** What is expected **
Every line in the entries where "with" is found should be copied.

** Given data **
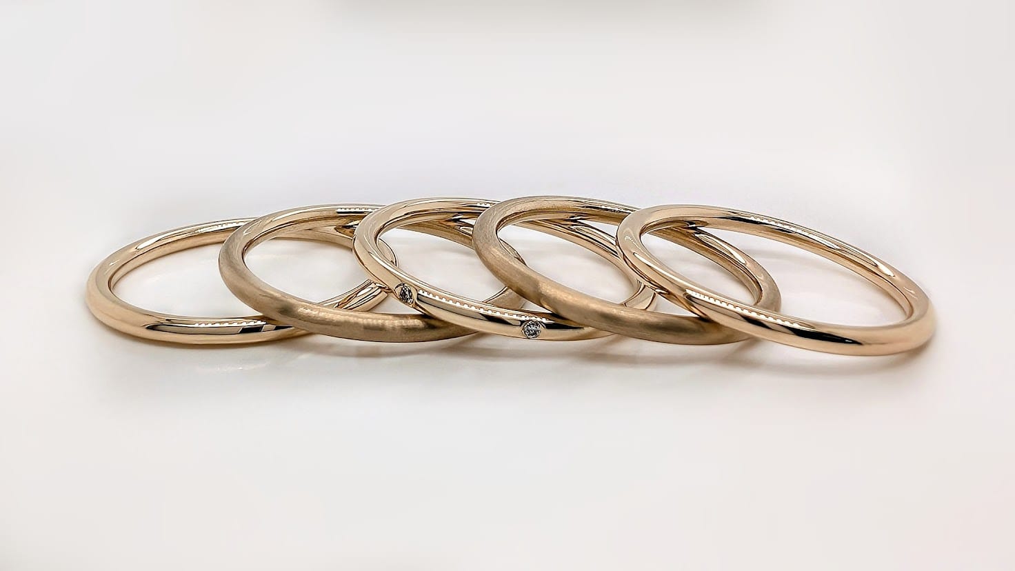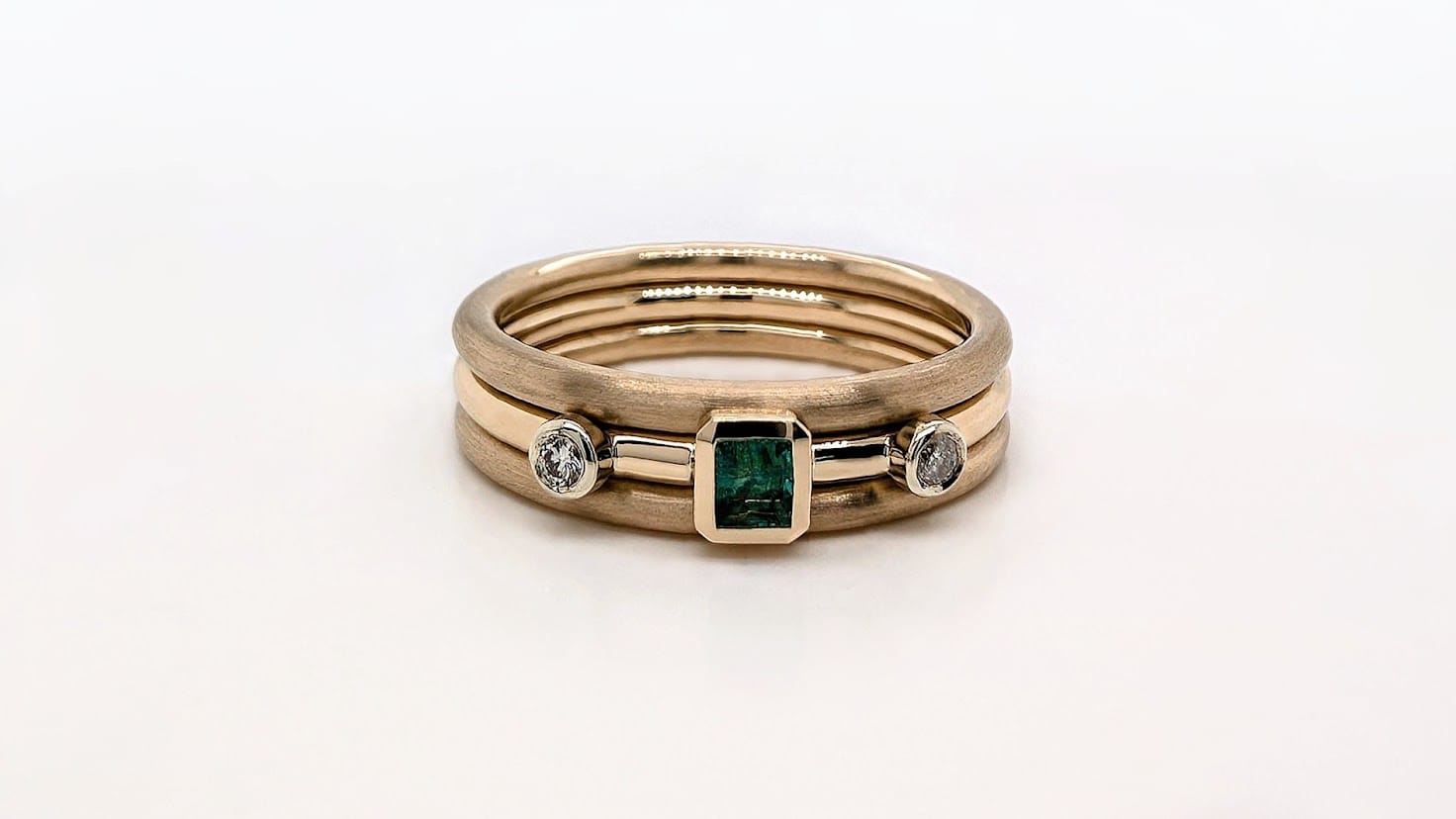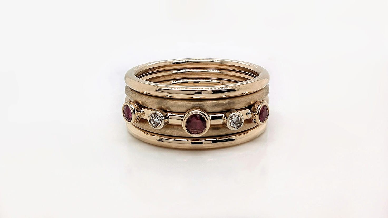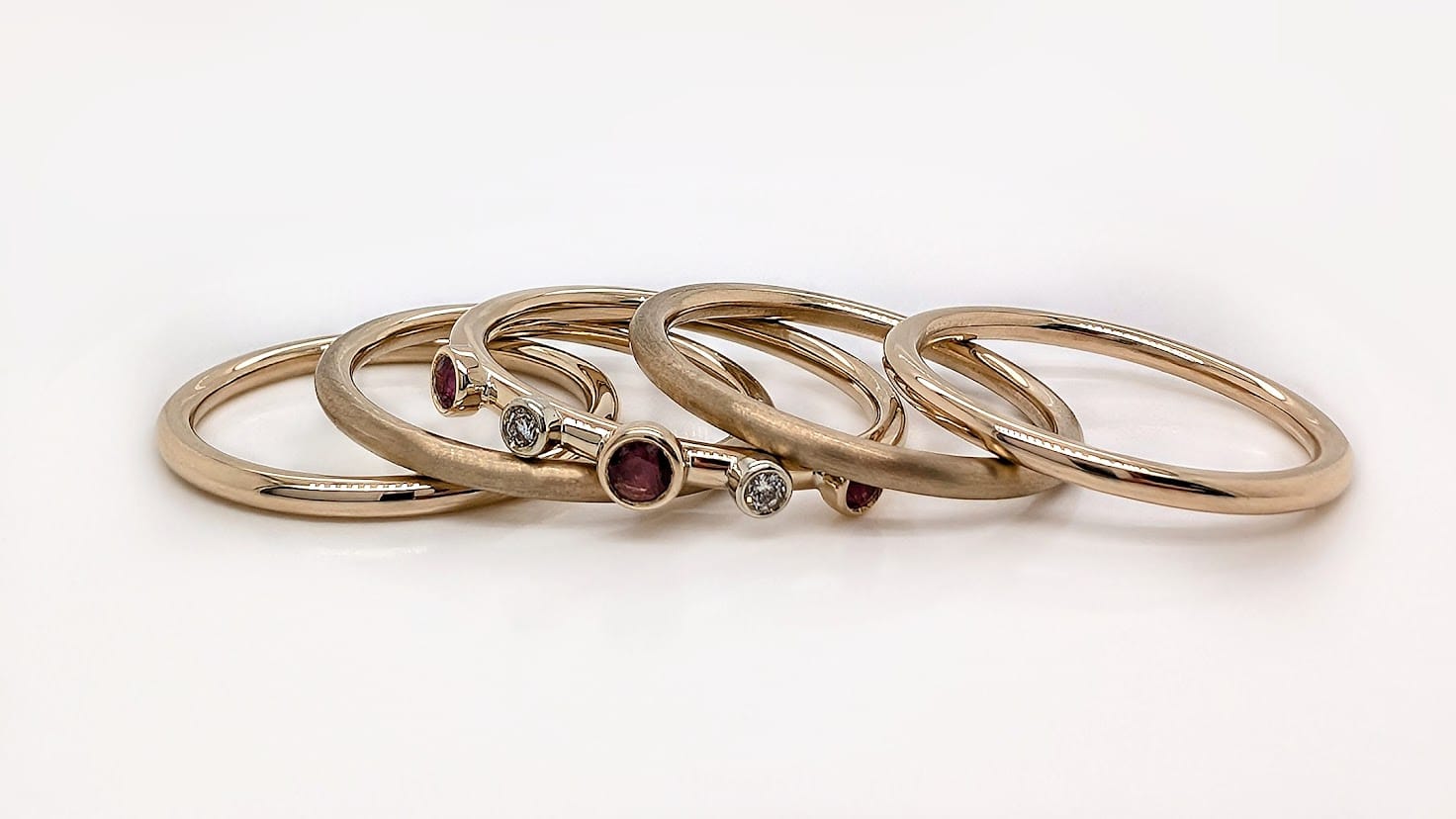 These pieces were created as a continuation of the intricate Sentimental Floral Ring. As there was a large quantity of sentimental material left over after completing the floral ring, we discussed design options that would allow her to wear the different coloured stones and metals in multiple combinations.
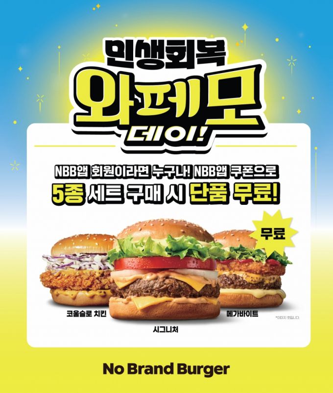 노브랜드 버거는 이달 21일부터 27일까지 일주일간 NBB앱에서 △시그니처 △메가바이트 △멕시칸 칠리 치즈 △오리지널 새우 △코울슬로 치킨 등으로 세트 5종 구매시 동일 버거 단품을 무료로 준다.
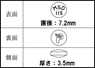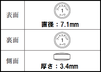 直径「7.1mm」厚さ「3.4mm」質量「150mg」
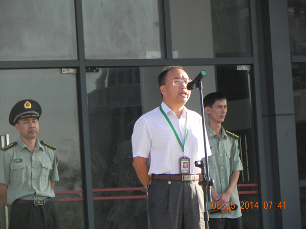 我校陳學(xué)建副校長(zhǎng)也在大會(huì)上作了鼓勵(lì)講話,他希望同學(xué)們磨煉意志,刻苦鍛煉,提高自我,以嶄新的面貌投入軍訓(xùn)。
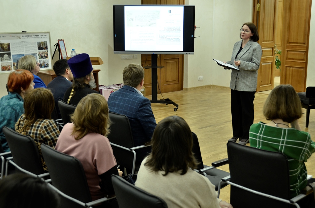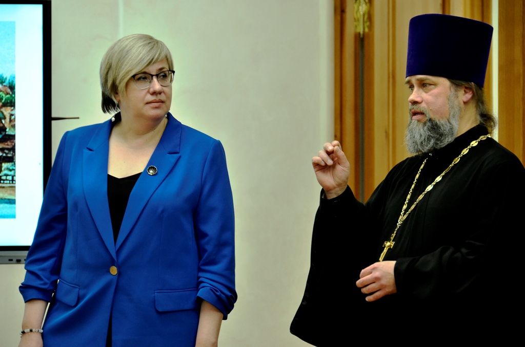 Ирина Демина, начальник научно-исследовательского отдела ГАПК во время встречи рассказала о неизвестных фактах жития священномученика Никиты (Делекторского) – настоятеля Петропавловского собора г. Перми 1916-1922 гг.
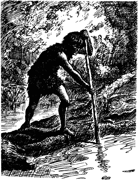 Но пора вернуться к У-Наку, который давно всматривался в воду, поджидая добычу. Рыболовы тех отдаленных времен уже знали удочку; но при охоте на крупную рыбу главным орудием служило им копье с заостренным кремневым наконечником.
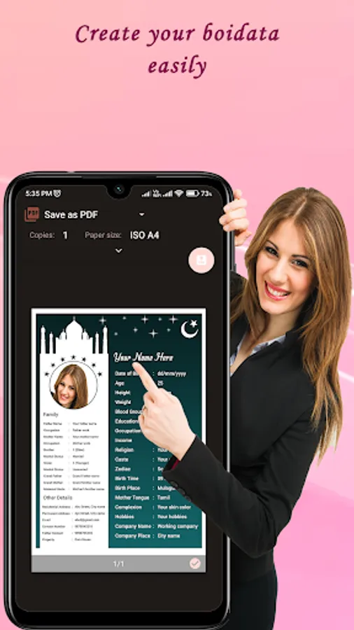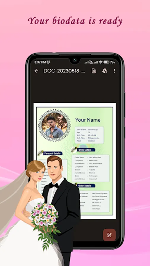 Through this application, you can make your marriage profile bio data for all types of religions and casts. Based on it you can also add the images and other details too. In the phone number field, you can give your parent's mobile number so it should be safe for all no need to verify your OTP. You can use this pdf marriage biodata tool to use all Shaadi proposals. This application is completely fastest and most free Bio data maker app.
==
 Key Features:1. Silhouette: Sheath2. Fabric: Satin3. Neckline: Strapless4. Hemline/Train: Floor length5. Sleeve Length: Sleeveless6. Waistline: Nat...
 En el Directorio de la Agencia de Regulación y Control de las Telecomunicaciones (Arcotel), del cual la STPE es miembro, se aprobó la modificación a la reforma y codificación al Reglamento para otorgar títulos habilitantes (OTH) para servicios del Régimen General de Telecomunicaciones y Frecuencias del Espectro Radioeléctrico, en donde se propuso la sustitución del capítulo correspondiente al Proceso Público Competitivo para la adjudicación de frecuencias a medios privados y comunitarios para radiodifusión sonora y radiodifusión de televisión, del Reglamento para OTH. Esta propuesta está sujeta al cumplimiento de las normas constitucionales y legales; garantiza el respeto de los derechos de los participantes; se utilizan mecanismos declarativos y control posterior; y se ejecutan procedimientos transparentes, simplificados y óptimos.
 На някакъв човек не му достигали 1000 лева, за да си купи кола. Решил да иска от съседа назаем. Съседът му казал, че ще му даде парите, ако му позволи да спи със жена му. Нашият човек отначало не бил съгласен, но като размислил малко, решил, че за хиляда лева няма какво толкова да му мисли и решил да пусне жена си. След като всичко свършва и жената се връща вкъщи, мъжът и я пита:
---
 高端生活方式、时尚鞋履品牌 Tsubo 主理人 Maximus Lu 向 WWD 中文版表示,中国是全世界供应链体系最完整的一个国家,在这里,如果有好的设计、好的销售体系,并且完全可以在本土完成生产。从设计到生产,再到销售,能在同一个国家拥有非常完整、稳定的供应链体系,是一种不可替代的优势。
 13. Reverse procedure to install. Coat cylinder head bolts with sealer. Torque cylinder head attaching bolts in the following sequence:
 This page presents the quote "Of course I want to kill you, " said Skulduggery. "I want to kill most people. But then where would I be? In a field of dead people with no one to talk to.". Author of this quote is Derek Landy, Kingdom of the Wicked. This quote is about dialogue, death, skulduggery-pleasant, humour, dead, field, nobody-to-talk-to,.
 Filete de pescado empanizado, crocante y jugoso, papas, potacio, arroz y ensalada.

** Task result **
 13. Reverse procedure to install. Coat cylinder head bolts with sealer. Torque cylinder head attaching bolts in the following sequence:
 This page presents the quote "Of course I want to kill you, " said Skulduggery. "I want to kill most people. But then where would I be? In a field of dead people with no one to talk to.". Author of this quote is Derek Landy, Kingdom of the Wicked. This quote is about dialogue, death, skulduggery-pleasant, humour, dead, field, nobody-to-talk-to,.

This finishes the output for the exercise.